21 years after Matthew Shepard’s brutal murder, what has changed for LGBT rights in the US?
Twenty-one years ago, Matthew Shepard was brutally murdered for being gay. His death was crucial to securing hate crime legislation for LGBT+ people in America. But, with US President Donald Trump prioritising religious freedom over protections for LGBT+ people, how far have we really come?
On the night of October 6 1998, 21-year-old college student Matthew Shepard was drinking beer alone in in a bar in Laramie, Wyoming, when he agreed to a lift home from two men, Aaron McKinney and Russell Henderson. The pair knew Shepard was gay and, according to some reports, pretended that they were also gay to lure him into their truck. That journey would prove fatal.
McKinney and Henderson drove Shepard to a remote location, where they proceeded to torture the college student, beat him with a pistol, and rob him. The attackers then tied Shepard to a fence, and left him for dead in near-freezing temperatures.

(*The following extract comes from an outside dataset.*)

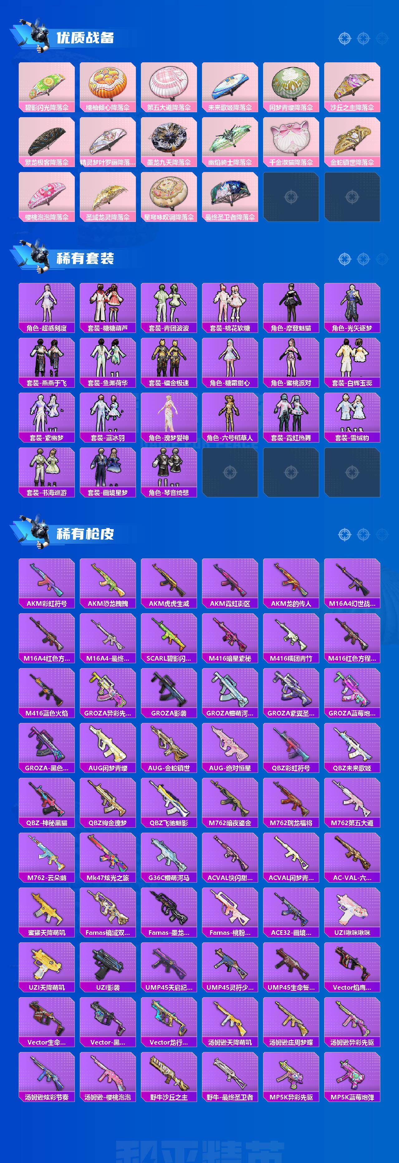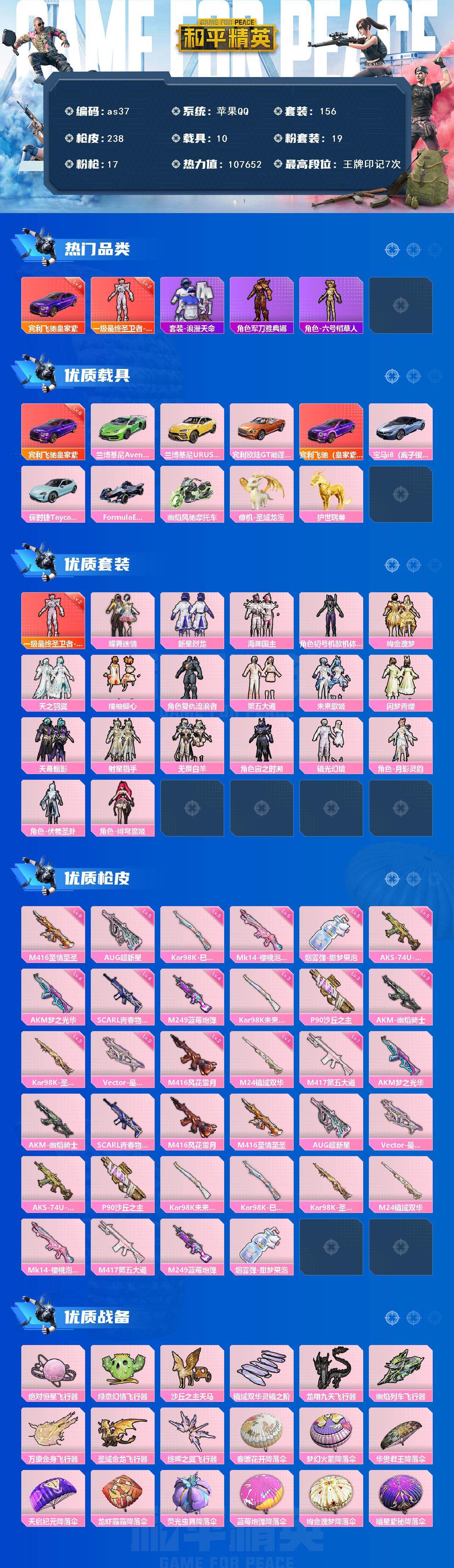苹果 手q-1神装-19粉装-17特效呛-10载具-9粉色飞行器-107652热力值-7王牌印记-156套装-238呛皮 【红色载具】:宾利飞驰(皇家紫)六级 【红色神装等级】:最终圣卫者-帕修斯二级 【红色角色神装】:最终圣卫者-帕修斯 【热门品类】:套装-浪漫天命,角色-军刀雅典娜,角色-六号稻草人 【粉色套装】:粉装-蝶舞迷情,粉装-新星烈龙,粉装-海渊国主,角色-初号机款机体服

Shepard was so badly beaten that the passing cyclist who found him 18 hours later, and in a coma, initially mistook him for a scarecrow. His face was so coated in blood that that the tracks made by his tears—as he sobbed away his last, conscious moments—could clearly be made out. The 21-year-old student suffered multiple skull fractures and major brainstem damage, affecting his ability to regulate his heart rate and vital functions. His injuries were too severe for doctors to operate. Shepard never woke up. He died in hospital six days later.

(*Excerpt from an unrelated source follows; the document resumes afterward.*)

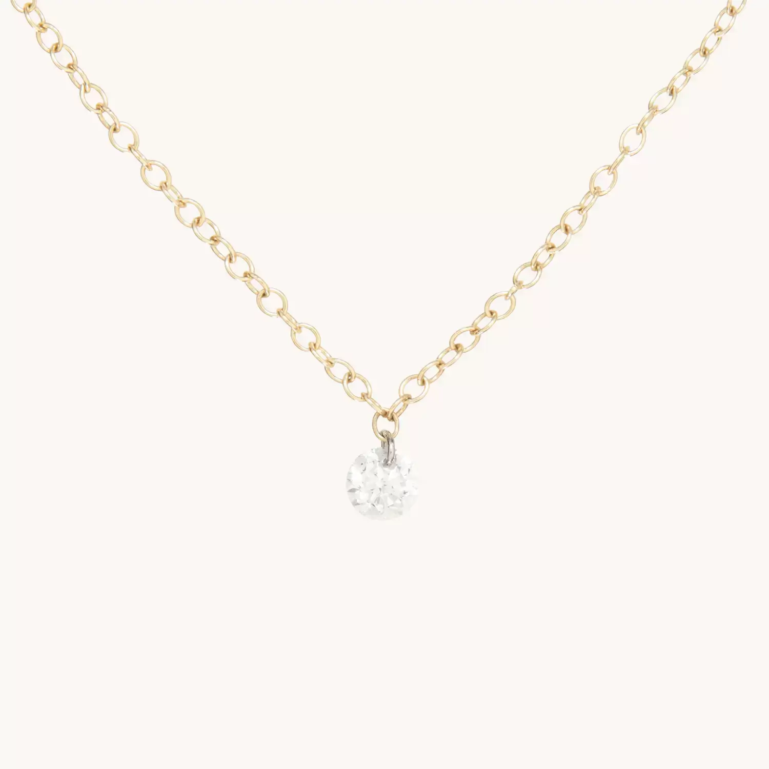 A shining diamond pricked through with a small shot of platinum, tethered to a fine gold chain.

Although McKinney and Henderson were convicted of first-degree murder for their crimes—and each handed consecutive life prison sentences—they could not be prosecuted for any homophobic motive behind Shepard’s murder because the 1969 United States federal hate-crime law only encompassed a person’s race, colour, religion or national origin.

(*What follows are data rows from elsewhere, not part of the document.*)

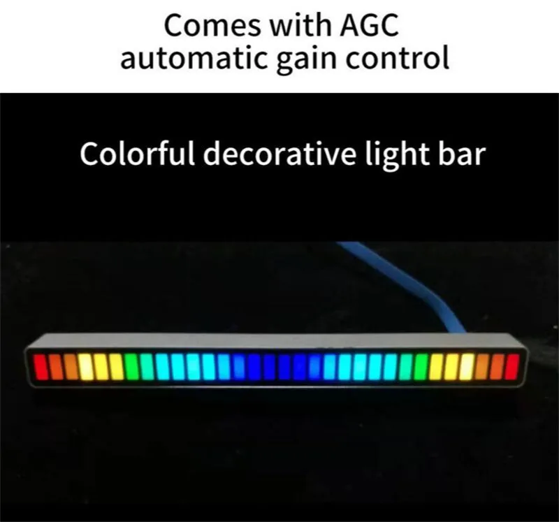 Материал: АБС + электронные компонентыЦвет: серыйРазмер: 181*16*18,5 ммОсобенности:Встроенный высокочувствительный микрофон (Голосовое управление)32 красочные лампы бусиныНе менее 8 режимов отображения4 уровня яркости регулируется5-уровневая регулировкой скорости18 цветовых режимов регулируетсяПоставляется с AGC автоматическим контролем усиленияЭксклюзивный интеллектуальный алгоритм деnoising, может использоваться в шумной средеПараметры продукта:Входное напряжение:> 5 в постоянного тока 1AВходной интерфейс: MicroUSBЧастотная характеристика: 50-16 кГцРазмеры (длина, ширина и высота): 181*16*18,5 ммВес нетто: 86 гОптические характеристики (длина волны):Красный: 620-625 нмЗеленый: 520-525nmСиний: 460-470нмОптические характеристики (яркость)Красный: 450-550mcdЗеленый: 1300-1500mcdСиний: 350-400mcdИнструкции:Кнопка «режим/скорость»: короткое нажатие, чтобы включить режим «Белый»-выбор режима; Длительное нажатие, чтобы включить красный-Выберите 5 скоростейЦвет/яркий ключ: короткое нажатие, чтобы включить белый-Выберите цвет; Длинное нажатие, чтобы включить зеленый-Выберите 4 уровня яркостиНажмите две кнопки одновременно: Нажмите одновременно, чтобы включить синий-чтобы узнать спектр шума окружающей средыНажмите и удерживайте цвет одновременно при включении питания: Введите режим настройки усиленияВключение питания (только для модели аккумулятора): Нажмите кнопку цвета после выключения питанияВыключение (только для модели батареи): Держите лицо вниз в течение 3 секундУпаковочный листСветильник-1 шт.1 кабель для передачи данных1 х Руководство
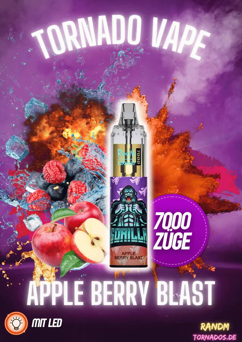 Komm mit auf eine wilde Geschmacksreise mit dem RandM Tornado 7000 “Apple Berry Blast??- Dein nchster Zug ist ein kleines Fest!
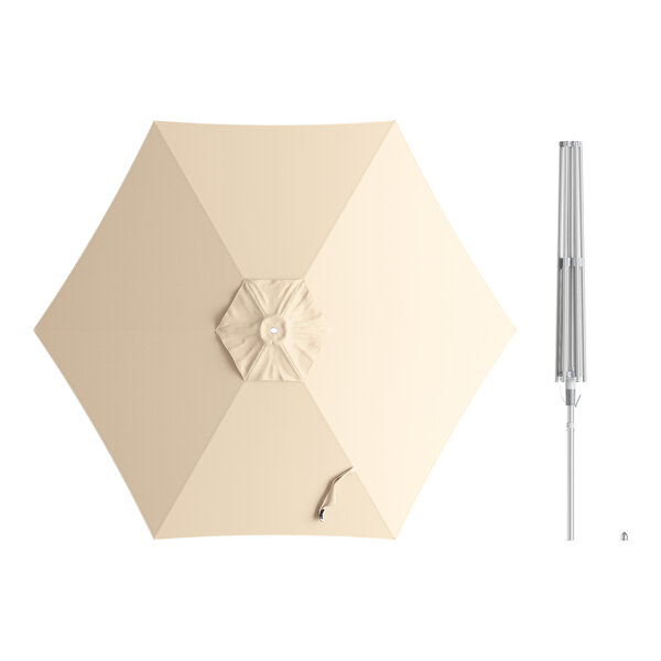Lancaster Table & Seating 9' Round Sand Push Lift Silver Aluminum Umbrella
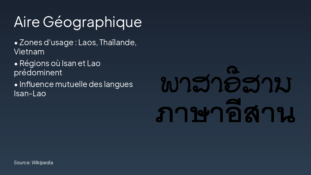 Ce diaporama de titre porte sur "La Langue Phu Thai", présenté comme une soutenance de mémoire. Il s'agit d'une langue tai du Sud-Ouest parlée au Laos, en Thaïlande et au Vietnam.
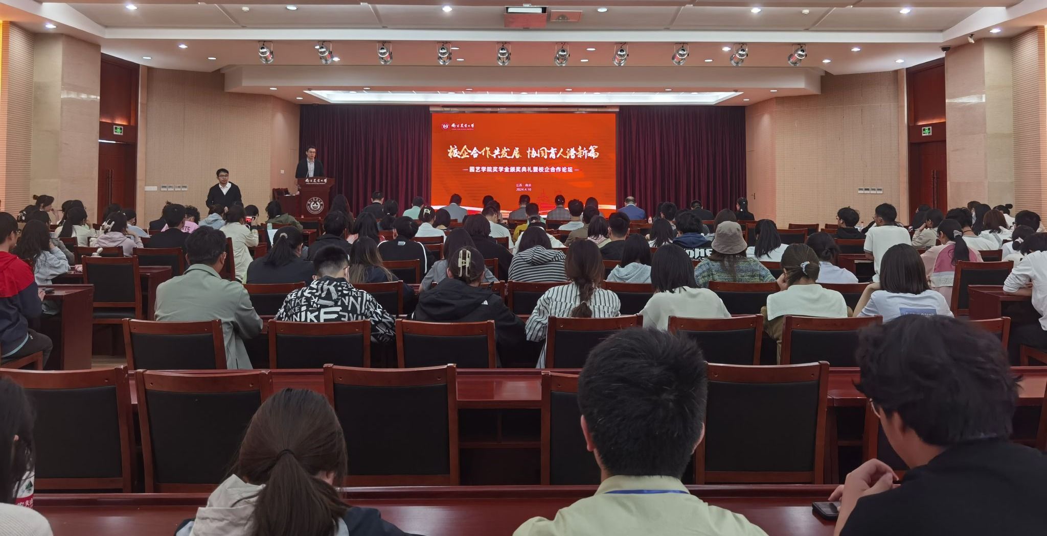 于金陵研究院三楼报告厅隆重举办学院奖学金颁奖典礼暨校企合作论坛,江苏百绿园林集团有限公司副总经理姚礼报,坂田种苗(苏州)有限公司总务管理部副部长曹敏亚,缤纷园艺(中国)有限公司人力资源总监尹龙飞,南京拙景园林规划工程有限公司总经理向东潇,南京耐特菲姆农业科技有限公司总经理于超,上海深圳奥雅园林设计有限公司高级招聘绩效经理谭燕妮,大连毅都集团有限公司人事经理李东舫,校学工处副处长、研究生工作部副部长刘照云,天天a片
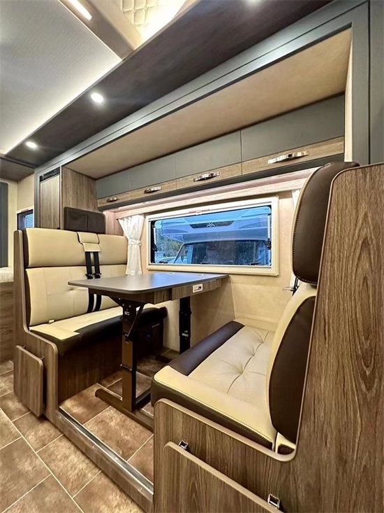 会客区采用经典的四人对坐卡座样式,超大外推窗,增加了自然光照入车内的面积,座椅的上方有丰富的储物空间。升降桌降下与对坐沙发可以拼成一张1900*945(mm)的临时床位。
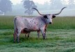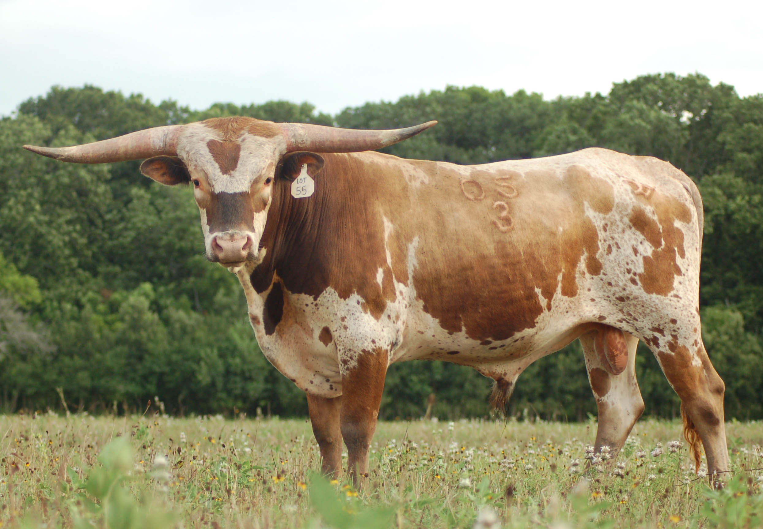 Mojo Man daughters have been easy to sell. He is a very complete bull and produces very consistent calves. His offspring have been heavy based, lateral horned cattle. Mojo Man missed first place in his class by 1/2 point at the Millineum Futurity. The Boomerang/G-Man cross certainly works here. His sire, Outback Mojo, is another one of the great Boomerang sons. His dam, GF Elena, is a super producer and has proven herself as one of the elite cows in our breed. We have had good success breeding him to our J.R. Seman daughters. He is very correct, muscular and colorful. He puts very big based, lateral horn growth in his calves. We are very pleased with this bull. 69" TTT. SOLD!

At the time, Shepard’s death became a cause célèbre, exposing the lack of hate crime laws for LGBT+ people in America. The killing made headlines across the world, finally highlighting to the rest of society what many LGBT+ people in the US already knew–that the discrimination they faced was physical, violent and fatal. What struck a chord with so many people was the familiarity of Shepard. He was just a normal kid.
Mobilised by their son’s death, Shepard’s parents Judy and Dennis became LGBT+ activists and, together, set up the Matthew Shepard Foundation in December 1998.
“I think that people could see themselves, their friends, neighbours, brothers or sisters in him, and that is why this story became one ‘of interest,’” Sara Grossman, communications manager at the Matthew Shepard Foundation, explains to PinkNews.
Grossman adds that, while Shepard was in hospital, people from around the world sent his family teddy bears, cheques and cards, with messages “begging them to take this moment in the spotlight and make it meaningful for the community.” She adds: “Here, we had a perfect moment to really make our plight known, and to shed light on why this story was so important.”
In the decade following Shepard’s death, Judy and Dennis lobbied for better legal protections for LGBT+ people. Finally, in October 2009, after a lengthy process in congress, the then-US president Barack Obama signed into law the Matthew Shepard and James Byrd Jr. Hate Crimes Prevention Act. This act—also a response to the murder of James Byrd Jr, a black man killed by two white supremacists—extended America’s hate crime laws to include gender, sexual orientation, gender identity, or disability.